Exercise objective
Output the data below only from the line containing "LOCATION & PRIVACY!" up to and including the line containing "GBS, MH, JP頒授VTC榮譽院士榮銜", exact and with the pictures left out.

Source material
....

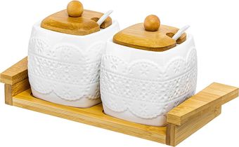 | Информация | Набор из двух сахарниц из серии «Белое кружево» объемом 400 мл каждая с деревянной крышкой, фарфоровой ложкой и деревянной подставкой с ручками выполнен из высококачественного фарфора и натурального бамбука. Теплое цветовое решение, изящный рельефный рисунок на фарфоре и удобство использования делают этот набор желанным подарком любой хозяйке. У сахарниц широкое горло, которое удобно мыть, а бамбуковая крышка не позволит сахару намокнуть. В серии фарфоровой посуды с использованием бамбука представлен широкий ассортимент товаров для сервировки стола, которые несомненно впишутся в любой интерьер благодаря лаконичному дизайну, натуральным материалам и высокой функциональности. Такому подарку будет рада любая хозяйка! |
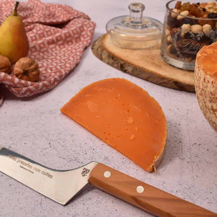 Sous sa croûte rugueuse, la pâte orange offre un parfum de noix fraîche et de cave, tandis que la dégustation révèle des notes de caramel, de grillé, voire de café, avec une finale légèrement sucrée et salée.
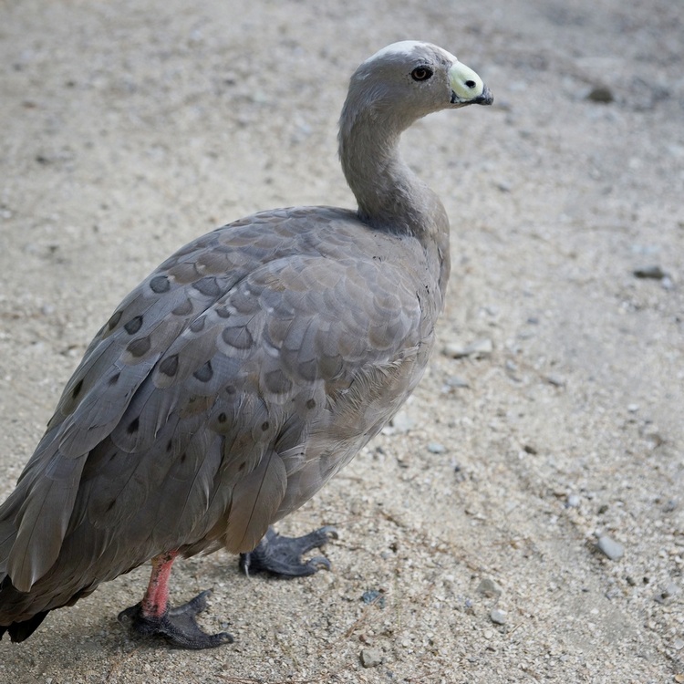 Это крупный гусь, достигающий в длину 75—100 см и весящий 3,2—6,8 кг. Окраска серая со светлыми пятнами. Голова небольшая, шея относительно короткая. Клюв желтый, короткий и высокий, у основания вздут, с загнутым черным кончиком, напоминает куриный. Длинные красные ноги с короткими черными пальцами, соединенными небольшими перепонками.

....

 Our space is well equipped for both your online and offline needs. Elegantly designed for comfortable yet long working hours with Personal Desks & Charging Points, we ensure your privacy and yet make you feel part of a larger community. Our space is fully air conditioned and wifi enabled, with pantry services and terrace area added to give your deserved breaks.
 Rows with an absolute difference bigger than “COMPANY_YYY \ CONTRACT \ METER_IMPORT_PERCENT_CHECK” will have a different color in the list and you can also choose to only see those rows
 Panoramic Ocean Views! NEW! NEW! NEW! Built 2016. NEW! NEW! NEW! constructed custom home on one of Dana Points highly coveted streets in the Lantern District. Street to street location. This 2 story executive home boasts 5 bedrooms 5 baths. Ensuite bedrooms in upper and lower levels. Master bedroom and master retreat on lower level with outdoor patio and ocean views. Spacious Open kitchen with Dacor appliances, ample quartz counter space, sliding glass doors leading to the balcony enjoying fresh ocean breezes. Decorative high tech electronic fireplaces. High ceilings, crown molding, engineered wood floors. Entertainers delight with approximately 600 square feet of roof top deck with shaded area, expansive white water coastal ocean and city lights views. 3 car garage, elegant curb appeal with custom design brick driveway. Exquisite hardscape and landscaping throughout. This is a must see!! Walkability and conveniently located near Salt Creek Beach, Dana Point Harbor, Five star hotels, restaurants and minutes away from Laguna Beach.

....

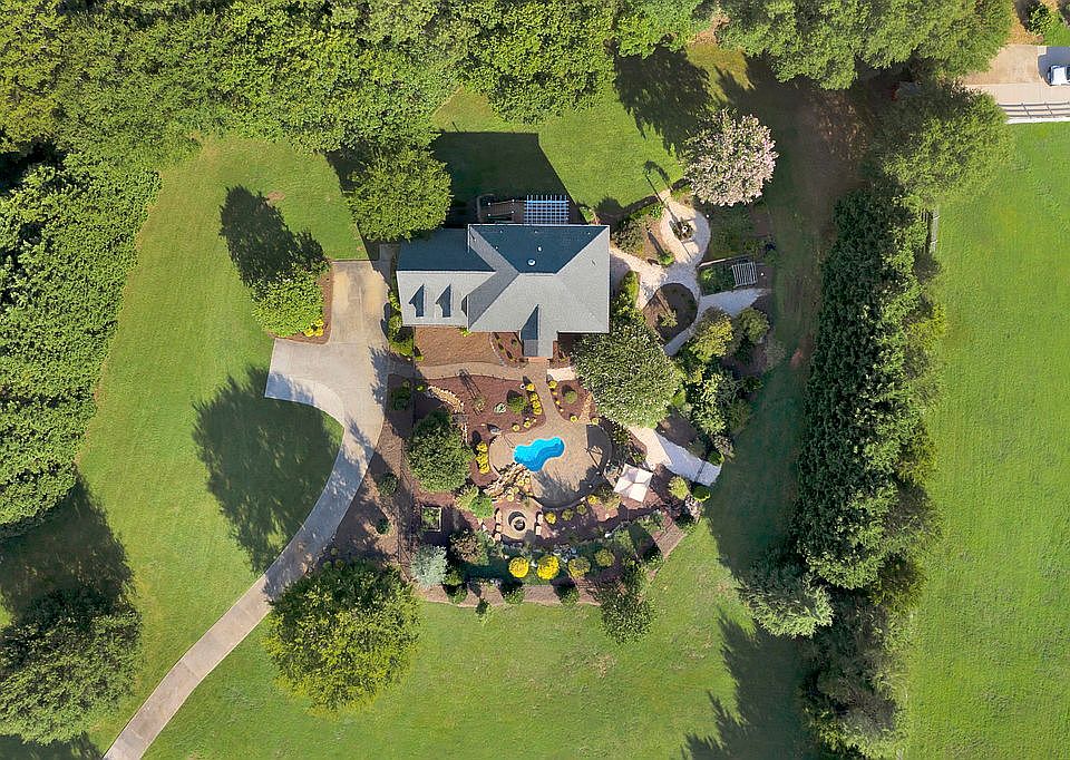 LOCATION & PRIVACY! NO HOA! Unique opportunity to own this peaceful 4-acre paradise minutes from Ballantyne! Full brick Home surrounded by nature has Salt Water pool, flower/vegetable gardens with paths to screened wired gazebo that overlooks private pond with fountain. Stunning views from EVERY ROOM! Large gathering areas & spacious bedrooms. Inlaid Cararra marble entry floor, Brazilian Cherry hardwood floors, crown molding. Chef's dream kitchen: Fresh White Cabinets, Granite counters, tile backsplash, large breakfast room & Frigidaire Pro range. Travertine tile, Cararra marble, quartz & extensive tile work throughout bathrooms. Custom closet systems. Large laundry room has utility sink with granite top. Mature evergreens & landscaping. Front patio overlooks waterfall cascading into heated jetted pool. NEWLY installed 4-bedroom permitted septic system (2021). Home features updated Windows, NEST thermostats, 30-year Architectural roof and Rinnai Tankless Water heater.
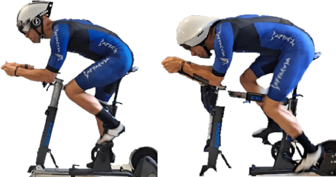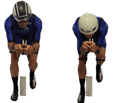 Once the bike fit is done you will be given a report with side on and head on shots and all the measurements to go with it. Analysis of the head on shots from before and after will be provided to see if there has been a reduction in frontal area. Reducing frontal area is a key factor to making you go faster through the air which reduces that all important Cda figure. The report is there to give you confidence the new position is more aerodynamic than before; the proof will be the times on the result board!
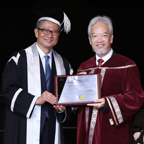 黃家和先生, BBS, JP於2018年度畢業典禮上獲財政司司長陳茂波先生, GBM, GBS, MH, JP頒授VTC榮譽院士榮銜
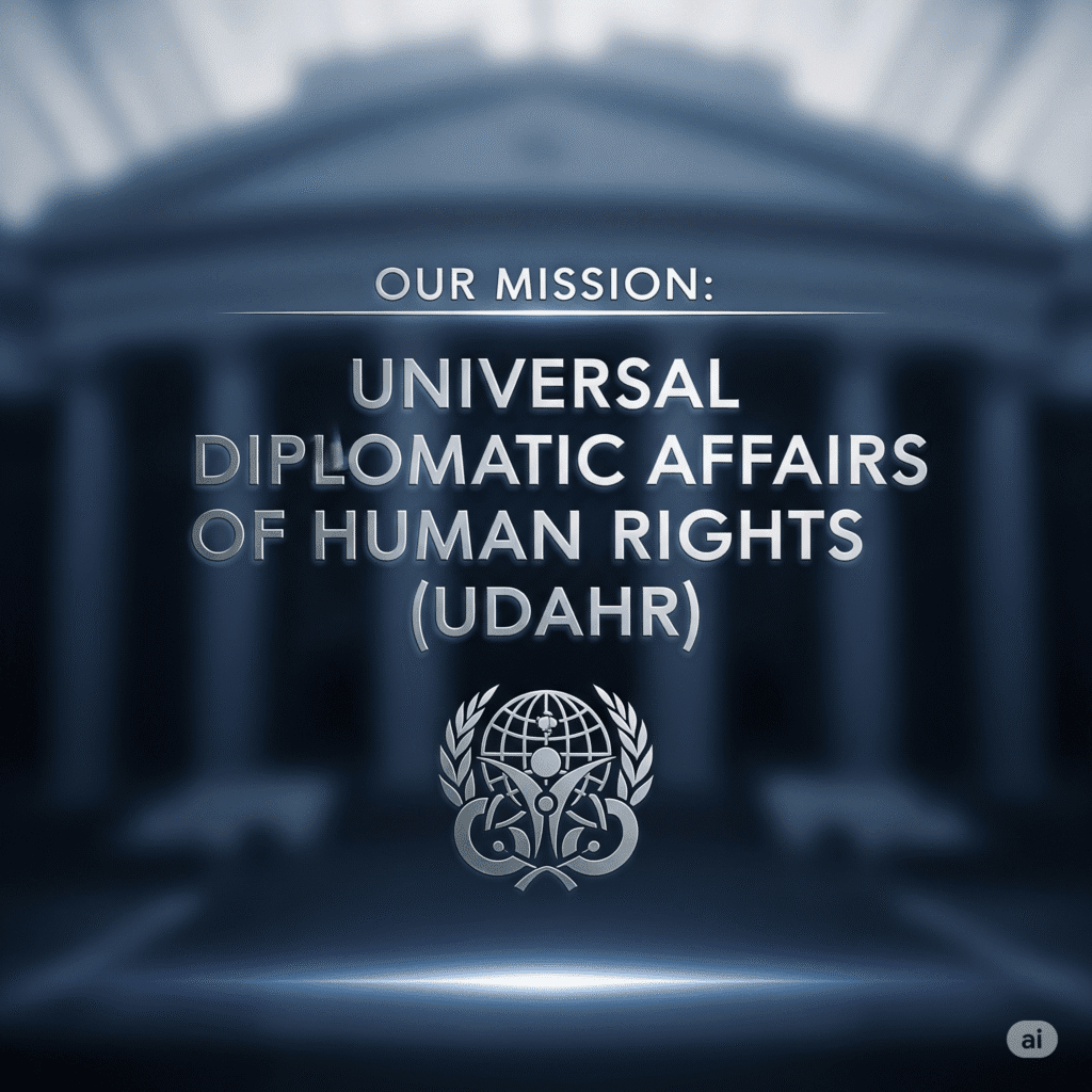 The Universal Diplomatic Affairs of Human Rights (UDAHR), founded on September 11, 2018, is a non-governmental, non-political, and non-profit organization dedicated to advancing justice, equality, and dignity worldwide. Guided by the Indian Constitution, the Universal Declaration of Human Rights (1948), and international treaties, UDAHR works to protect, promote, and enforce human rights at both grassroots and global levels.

....

Response
 LOCATION & PRIVACY! NO HOA! Unique opportunity to own this peaceful 4-acre paradise minutes from Ballantyne! Full brick Home surrounded by nature has Salt Water pool, flower/vegetable gardens with paths to screened wired gazebo that overlooks private pond with fountain. Stunning views from EVERY ROOM! Large gathering areas & spacious bedrooms. Inlaid Cararra marble entry floor, Brazilian Cherry hardwood floors, crown molding. Chef's dream kitchen: Fresh White Cabinets, Granite counters, tile backsplash, large breakfast room & Frigidaire Pro range. Travertine tile, Cararra marble, quartz & extensive tile work throughout bathrooms. Custom closet systems. Large laundry room has utility sink with granite top. Mature evergreens & landscaping. Front patio overlooks waterfall cascading into heated jetted pool. NEWLY installed 4-bedroom permitted septic system (2021). Home features updated Windows, NEST thermostats, 30-year Architectural roof and Rinnai Tankless Water heater.
 Once the bike fit is done you will be given a report with side on and head on shots and all the measurements to go with it. Analysis of the head on shots from before and after will be provided to see if there has been a reduction in frontal area. Reducing frontal area is a key factor to making you go faster through the air which reduces that all important Cda figure. The report is there to give you confidence the new position is more aerodynamic than before; the proof will be the times on the result board!
 黃家和先生, BBS, JP於2018年度畢業典禮上獲財政司司長陳茂波先生, GBM, GBS, MH, JP頒授VTC榮譽院士榮銜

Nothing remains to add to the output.